フローチャートであなたの会社に合う会計クラウドサービスを判定!

「誰にとってもベスト」はない

個人事業主や小規模事業者向け会計クラウドサービスのメインプレーヤーは、メジャー度と料金面、サービスの充実度から、『freee』『マネーフォワード会計クラウドサービス』『やよい青色申告オンライン(やよい)/弥生会計オンライン(弥生)』の3社。上の図は、その3社のなかから、自分の会社に合うサービスを選ぶ方法を簡略化してフローチャートにしたものだ。

会計クラウドサービスは、業務クラウド化の中心となる存在なので、他社のクラウドサービスが連携できるかどうかが重要だ。しかし、上記3社以外のサービスだと、連携できない他社サービスが多くなる。
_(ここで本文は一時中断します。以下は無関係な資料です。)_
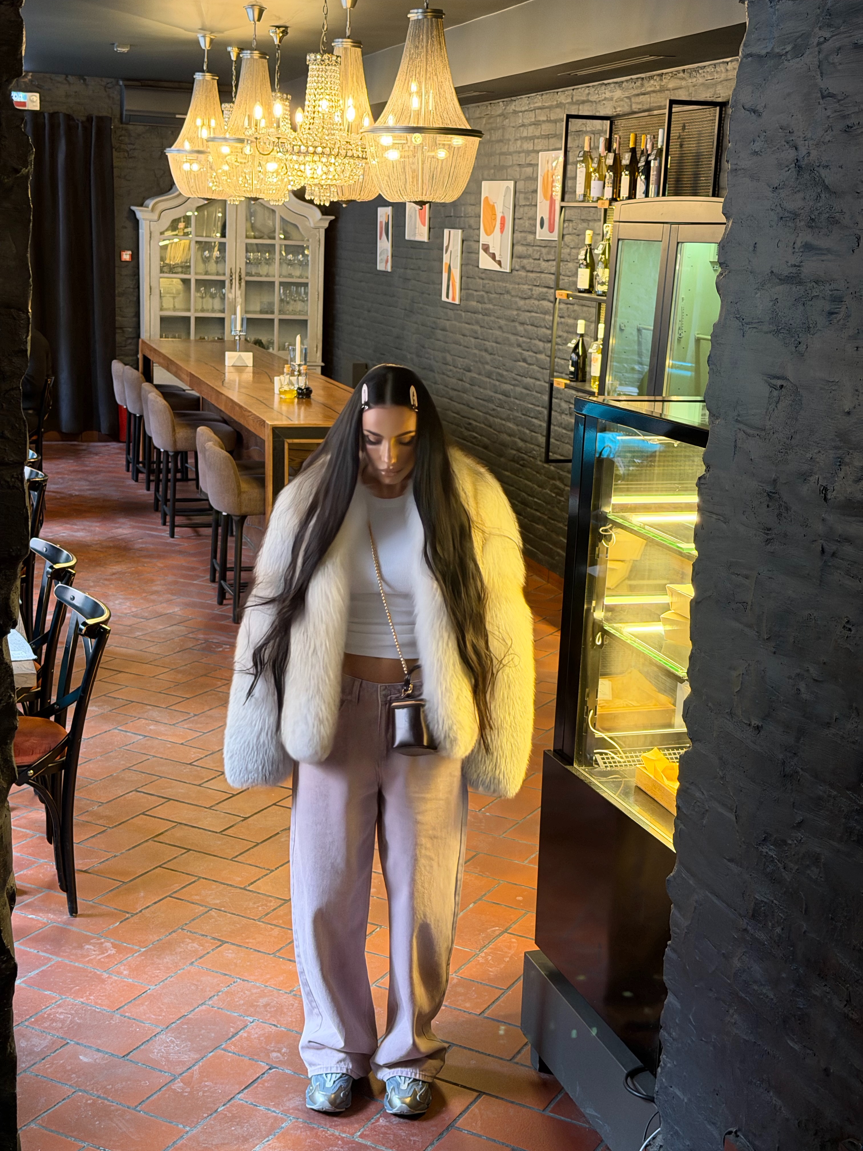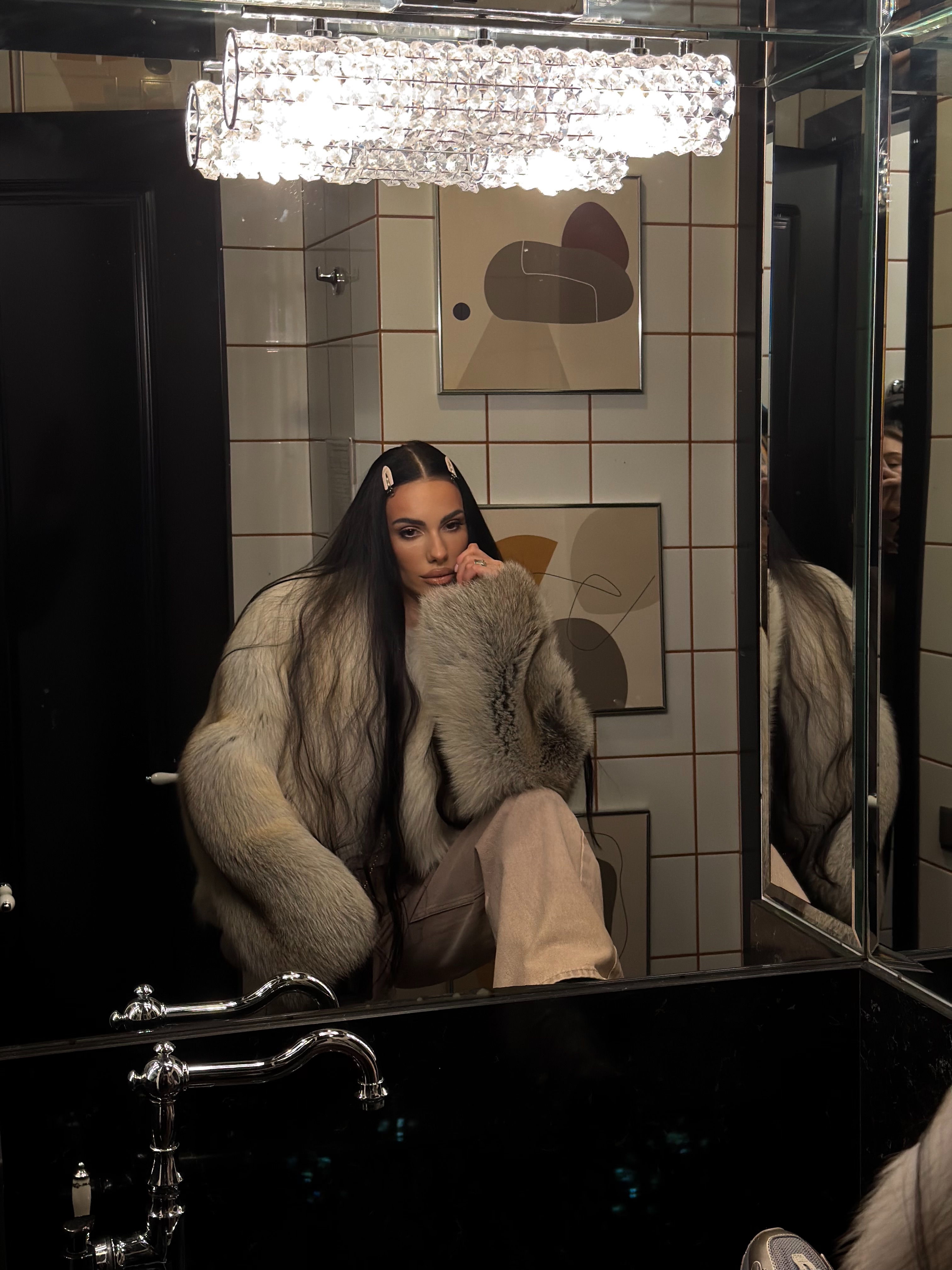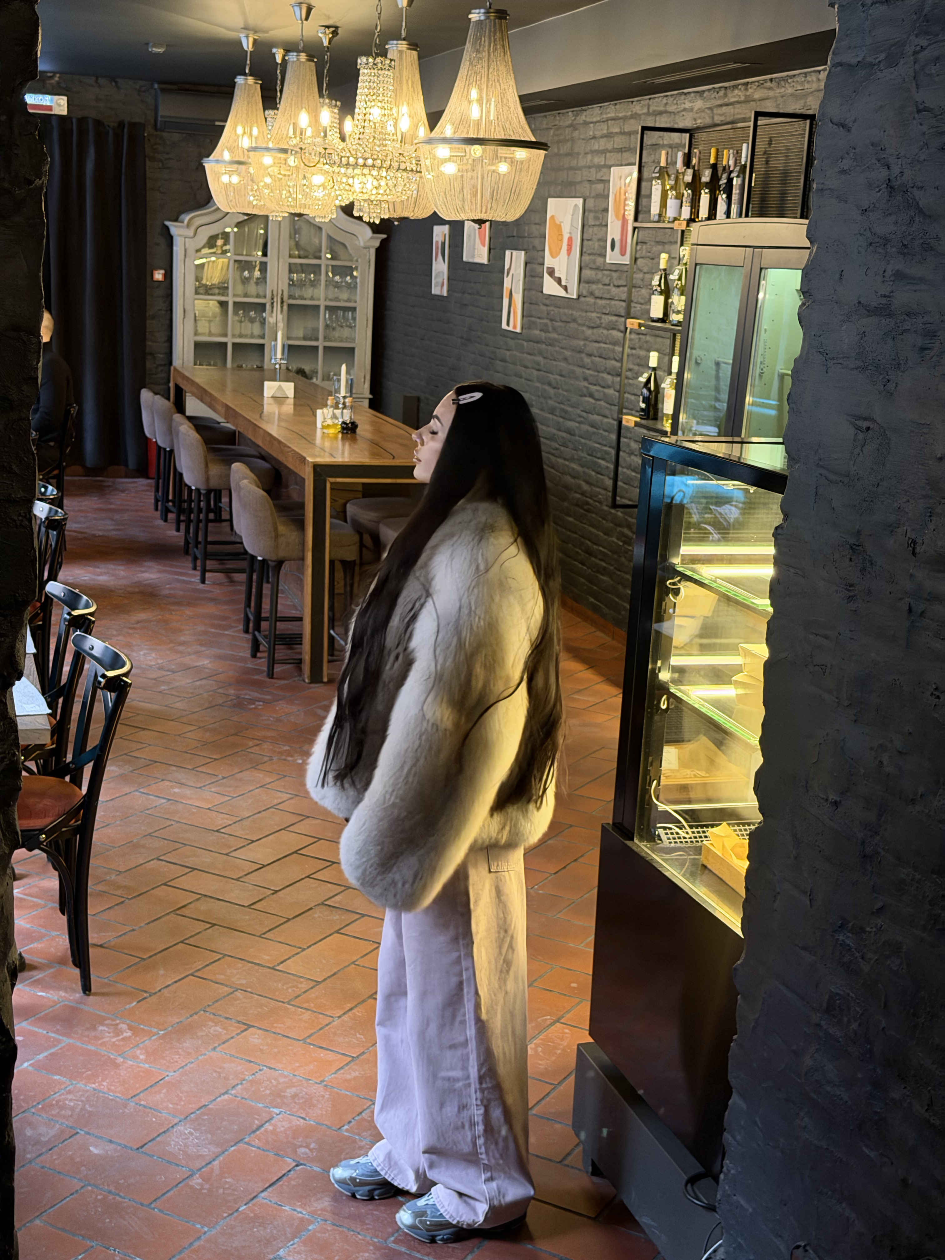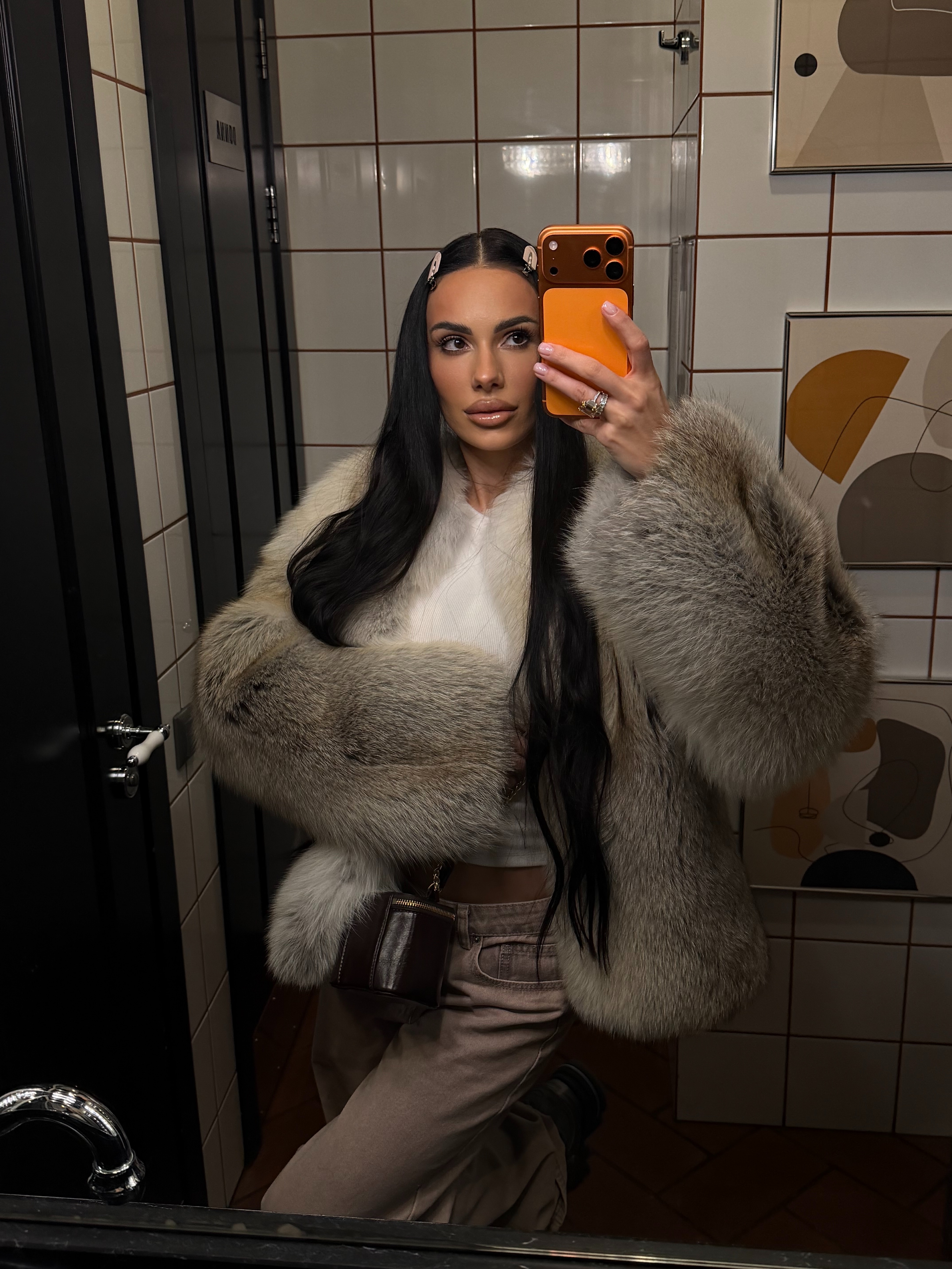 The fur coat is very warm and stylish.

そのため、これから会計クラウドサービス導入を検討するのであれば、この3社から選ぶのが無難だ。

それぞれに特徴があり、機能や料金も異なっているので、「誰にとってもベスト」はないが、使う人の会計に関する知識や必要とする機能が決っていれば、およそ「自分にとってのベスト」は選べそうだ。まずは3社それぞれの特色と、メリット・ディメリットを挙げてみたい。

①簿記の知識は最小限でOK『会計freee

従来の会計ソフトとは異なる設計思想に基づいたサービスで、借方/貸方、勘定科目、補助科目といった会計用語が表立っては出てこない。簿記の知識がない人でも帳簿を作成し、確定申告までできてしまう。この独自性が人によって評価の分かれるところ。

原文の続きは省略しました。